- **Directions for this task**: A word-for-word copy of the records below is needed, without the images.

- **The data**:
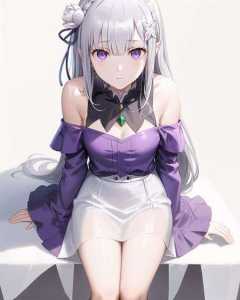 best quality,highly detailed,masterpiece,ultra-detailed,1girl,(white background),simple background,Delicate eyes,emilia_\(re:zero\),silver hair, purple eyes,hair_ornament,(off-shoulder shirt:1.3),long hair,pointy_ears,crown_braid,expressionless,Straight hair,(++sitting:1.2),
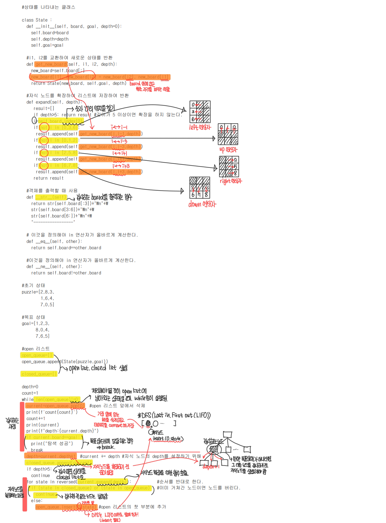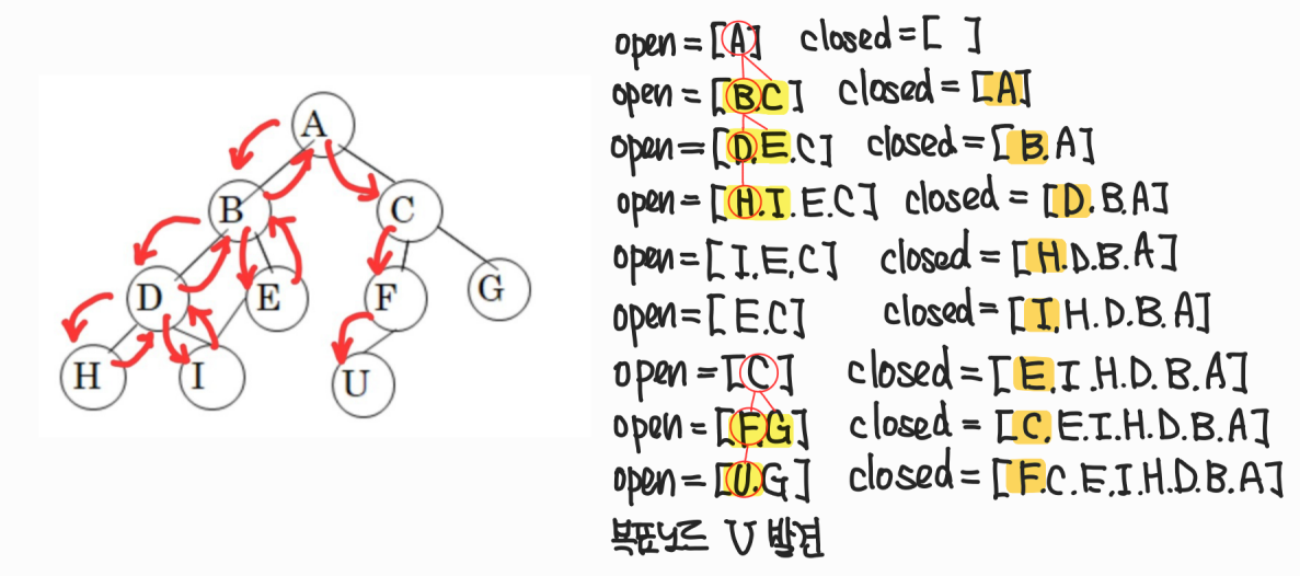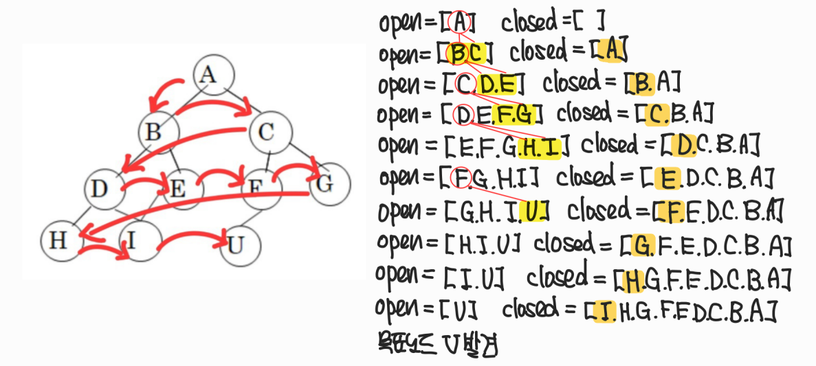 open list의 순서를 작성할 때는 검사하는 상태가 뭔지를 확인하며, 그 자식 노드를 리스트의 앞에서 왼쪽 순서대로 작성해야 한다.
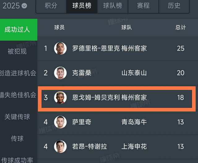 第三个,恩戈姆的合乎速率确凿很快,他现在完全是扛着梅州客家在走。他在中超前5轮孝顺2球1助攻,1东谈主独造3球,赶快融入球队,不仅拿到官方MVP,况兼在中超尝试过东谈主、告捷过东谈主和大地争抢这3个数据上,刻下齐是排行前3位,性价比确凿止境高。
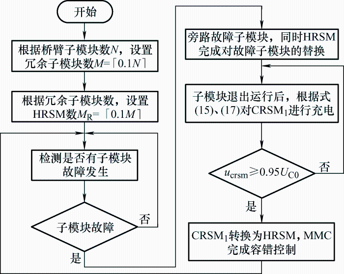 根据第2.2节分析,若MMC子模块在CRSM充电过程中,故障子模块数量超过HRSM数量则MMC无法实现平滑的容错控制。因此本文提出的策略中,将10%的冗余子模块设置为HRSM,其余冗余子模块则设置为CRSM,可得HRSM数量表达式如下
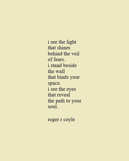Some call me son, brother, godfather, cousin, uncle, writer, author, veteran, and friend. That may be true, but mostly I am me - a unique human being who has run the race of life through many different forests, down many roaring rivers and along some tangled paths. All in all it has been a good journey of growth and expansion of self. I am a lover of family, animals, food, laughs, poetry, books, compassionate people and chasing the light. My first journey into writing is Quiet Thoughts: Written Reflections. It is a book of poems and reflections - a small flicker of light into my life journey. I currently reside in Emmaus, PA and enjoy all that the Lehigh Valley has to offer. View all posts by rogerrcoyle
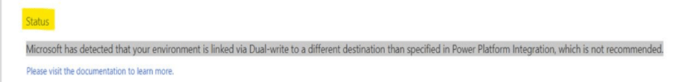 If there is mismatch in linked environments in Dual-write and LCS, then system will throw below error and Microsoft recommends to not ignore it.
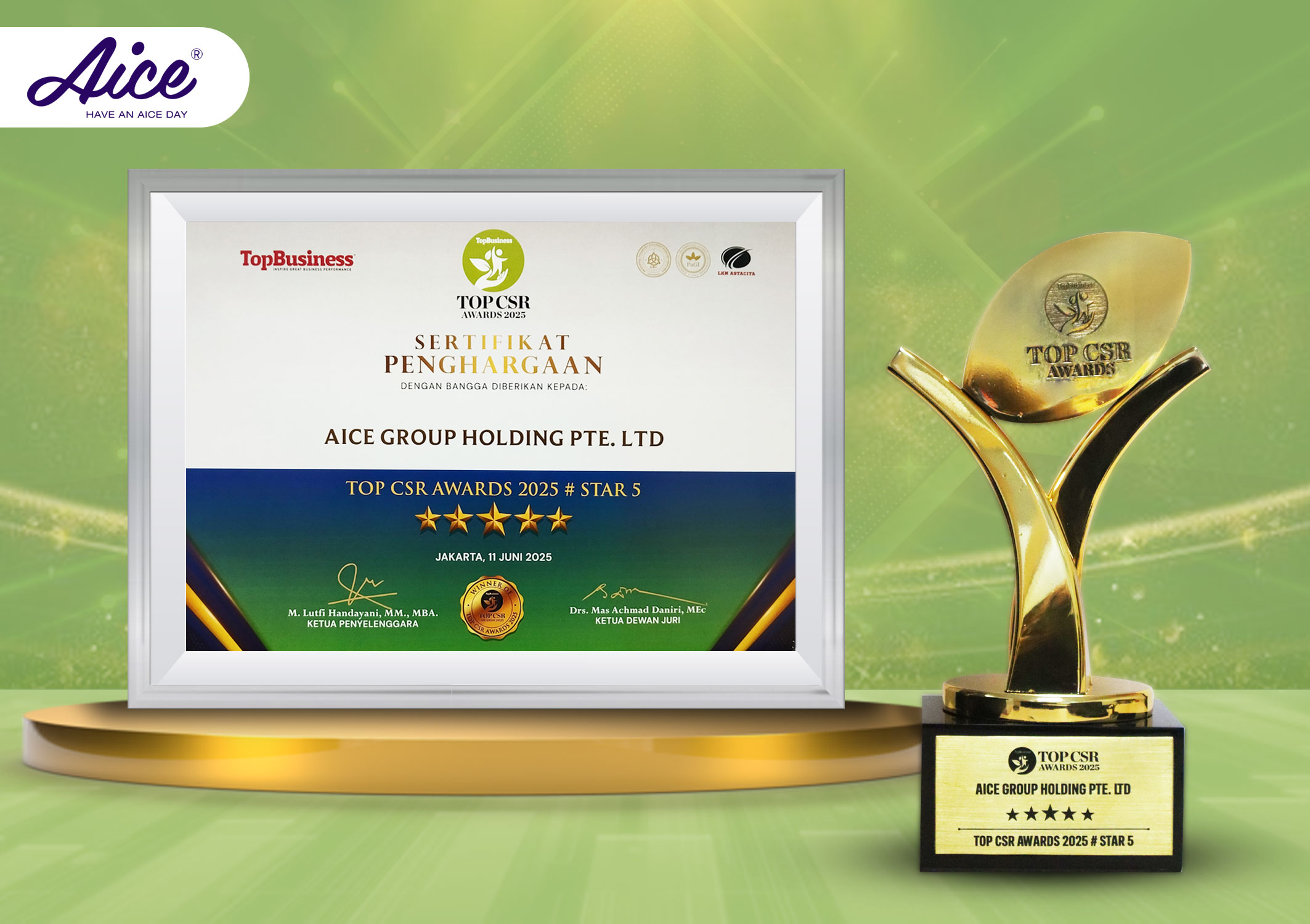 Capaian ini menegaskan posisi Aice sebagai perusahaan industri es krim pertama di Indonesia yang berhasil mempertahankan rekam jejak CSR secara konsisten dan progresif selama lima tahun berturut-turut. Penghargaan TOP CSR level bintang lima menjadi penghargaan khusus bagi perusahaan yang mampu menunjukkan keselarasan tinggi antara strategi CSR dengan pertumbuhan bisnis berkelanjutan, mengadopsi standar ISO 26000 tentang tanggung jawab sosial, pendekatan Lingkungan, Sosial dan Tata Kelola (ESG), hingga implementasi Creating Shared Value (CSV) secara optimal.
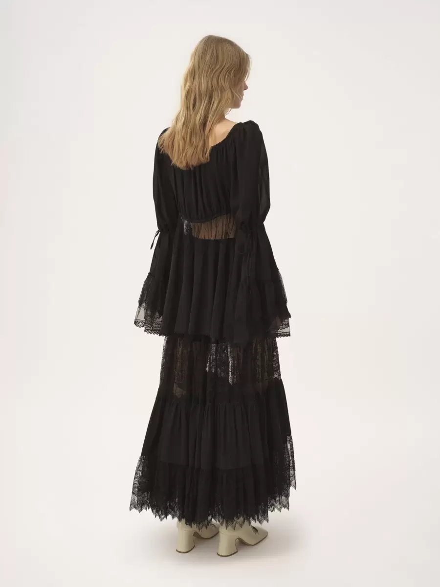 Puff-sleeve ruffle top in organic silk georgette with a separate lining and lace inserts at the waist and cuffs. Drawstring ties gather the scoop-neck silhouette, while fabric-covered buttons detail the left side.

- **Task answer**:
 best quality,highly detailed,masterpiece,ultra-detailed,1girl,(white background),simple background,Delicate eyes,emilia_\(re:zero\),silver hair, purple eyes,hair_ornament,(off-shoulder shirt:1.3),long hair,pointy_ears,crown_braid,expressionless,Straight hair,(++sitting:1.2),
 open list의 순서를 작성할 때는 검사하는 상태가 뭔지를 확인하며, 그 자식 노드를 리스트의 앞에서 왼쪽 순서대로 작성해야 한다.
 第三个,恩戈姆的合乎速率确凿很快,他现在完全是扛着梅州客家在走。他在中超前5轮孝顺2球1助攻,1东谈主独造3球,赶快融入球队,不仅拿到官方MVP,况兼在中超尝试过东谈主、告捷过东谈主和大地争抢这3个数据上,刻下齐是排行前3位,性价比确凿止境高。
 根据第2.2节分析,若MMC子模块在CRSM充电过程中,故障子模块数量超过HRSM数量则MMC无法实现平滑的容错控制。因此本文提出的策略中,将10%的冗余子模块设置为HRSM,其余冗余子模块则设置为CRSM,可得HRSM数量表达式如下
Some call me son, brother, godfather, cousin, uncle, writer, author, veteran, and friend. That may be true, but mostly I am me - a unique human being who has run the race of life through many different forests, down many roaring rivers and along some tangled paths. All in all it has been a good journey of growth and expansion of self. I am a lover of family, animals, food, laughs, poetry, books, compassionate people and chasing the light. My first journey into writing is Quiet Thoughts: Written Reflections. It is a book of poems and reflections - a small flicker of light into my life journey. I currently reside in Emmaus, PA and enjoy all that the Lehigh Valley has to offer. View all posts by rogerrcoyle
 If there is mismatch in linked environments in Dual-write and LCS, then system will throw below error and Microsoft recommends to not ignore it.
 Capaian ini menegaskan posisi Aice sebagai perusahaan industri es krim pertama di Indonesia yang berhasil mempertahankan rekam jejak CSR secara konsisten dan progresif selama lima tahun berturut-turut. Penghargaan TOP CSR level bintang lima menjadi penghargaan khusus bagi perusahaan yang mampu menunjukkan keselarasan tinggi antara strategi CSR dengan pertumbuhan bisnis berkelanjutan, mengadopsi standar ISO 26000 tentang tanggung jawab sosial, pendekatan Lingkungan, Sosial dan Tata Kelola (ESG), hingga implementasi Creating Shared Value (CSV) secara optimal.
 Puff-sleeve ruffle top in organic silk georgette with a separate lining and lace inserts at the waist and cuffs. Drawstring ties gather the scoop-neck silhouette, while fabric-covered buttons detail the left side.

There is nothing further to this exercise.